August 18, 2013 3:25 pm

, CITY-HALLNAIROBI, Kenya, Aug 18 – Auditor-General Edward Ouko says an audit on the assets and liabilities of the country’s 47 counties will be released by mid next month.

Ouko said the audit is also looking into the debts of the national government and those that were owned by defunct local authorities which were abolished on March 4.

The office of the Auditor-General began undertaking audit of counties on July 15 to ensure proper use of public funds.

Ouko said his office would demand for accountability and sound management of public resources both at the national and county levels.

“By reporting the results of audits to the County Assemblies, we shall hold the county governments to account for the way they use public resources, thereby safeguarding the interest of taxpayers,” he said.

This after governors complained they were facing challenges in balancing their county budgets because they were now being made to settle debts which had been incurred by the municipal councils.

The elected county heads want the national government to absorb the debts just like they took over machines and other assets which belonged to the defunct authorities.

Ouko also said that the audit would assist the County Governments to improve on performance and service delivery, as the audit reports would be the basis applied by the national government in disbursement of future funds.

“Let us look at the recommendations, in the positive sense of trying to move forward and trying to help where necessary in terms of capacity building for them to be able to access the funds in a more accountable manner,” the Auditor-General said.
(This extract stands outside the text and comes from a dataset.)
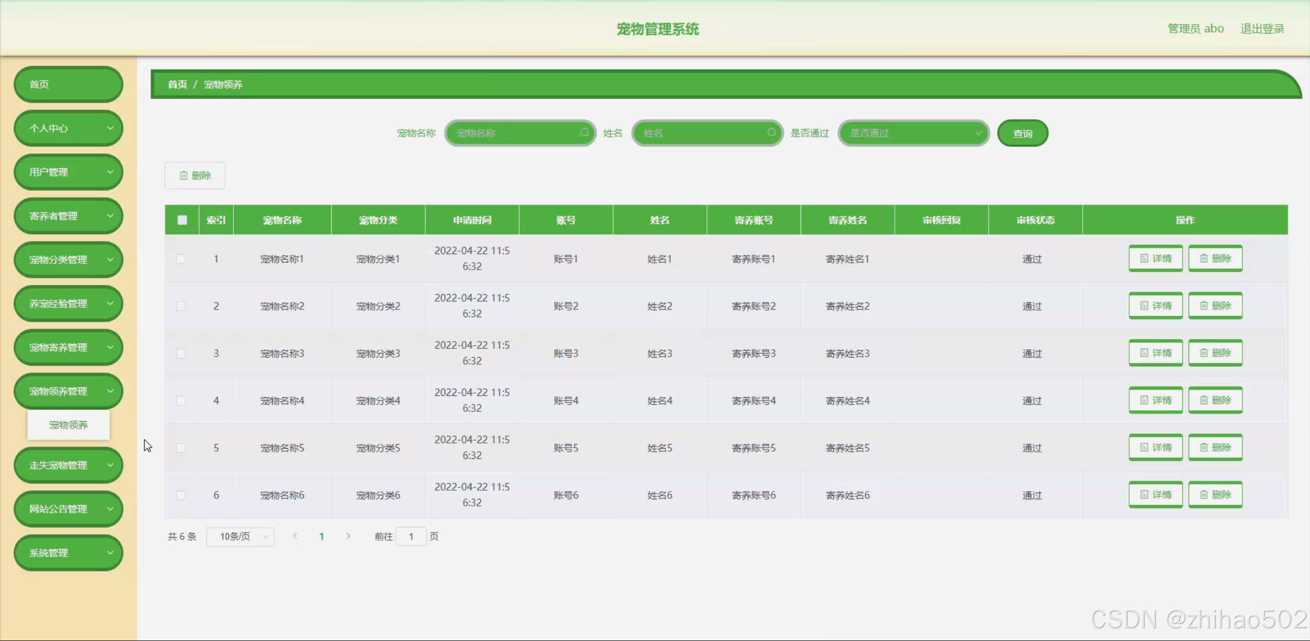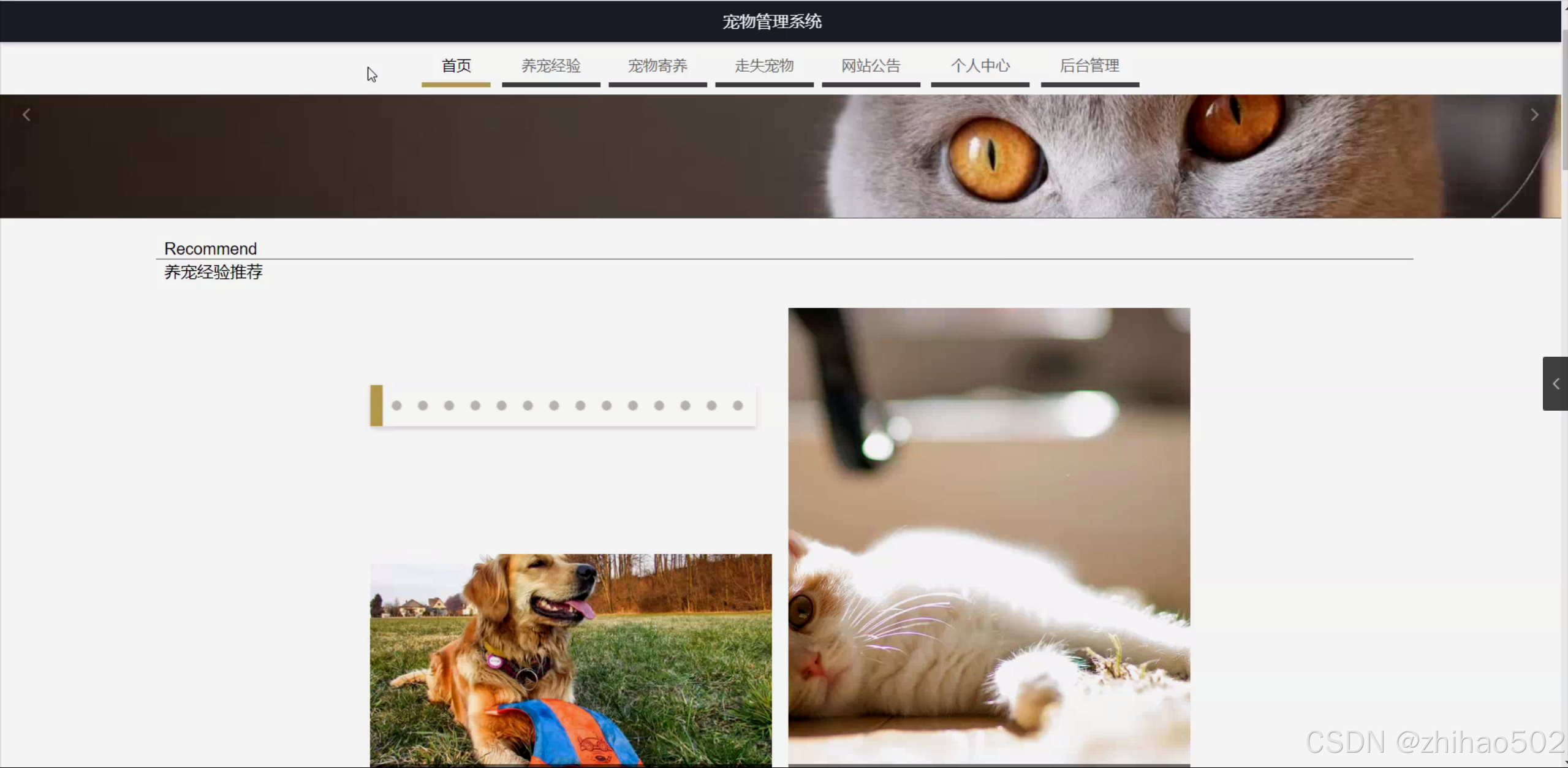 宠物管理系统研究内容主要包括以下功能模块:用户管理模块,实现用户注册、登录、个人信息管理等功能;寄养者管理模块,记录寄养者的基本信息和寄养历史,提供寄养服务预约和评价功能;宠物分类模块,根据宠物的种类和特征进行分类管理;养宠经验模块,提供宠物养护、训练等方面的经验分享和交流平台;宠物寄养模块,实现宠物寄养的申请、审核、安排和结算等功能;宠物领养模块,提供宠物领养信息发布、申请和审核等功能;走失宠物模块,记录走失宠物的信息和找回情况,提供走失宠物发布和查找功能;网站公告模块,发布系统更新、活动通知等系统公告信息。通过这些功能模块的实现,构建一个功能完善、操作便捷的宠物管理系统。

The Transition Authority had in March indicated that all County Governments will inherit both the assets and liabilities of previous local authorities.

TA chairman Kinuthia Wamwangi said that all local authority workers will be absorbed by county governments once they begin operations.

Wamwangi explained that local government accounts would soon be closed and funds transferred to county units

The Auditor-General said the audit is part of an initiative by his office to be practical in the monitoring and use of public funds.

“We need to look at the Auditor-General in another context, it’s not just in the context of just assuring that there is fiscal accountability but there would also be managerial accountability throughout the year and that the resources are making a difference throughout the year to the ordinary person,” Ouko stated.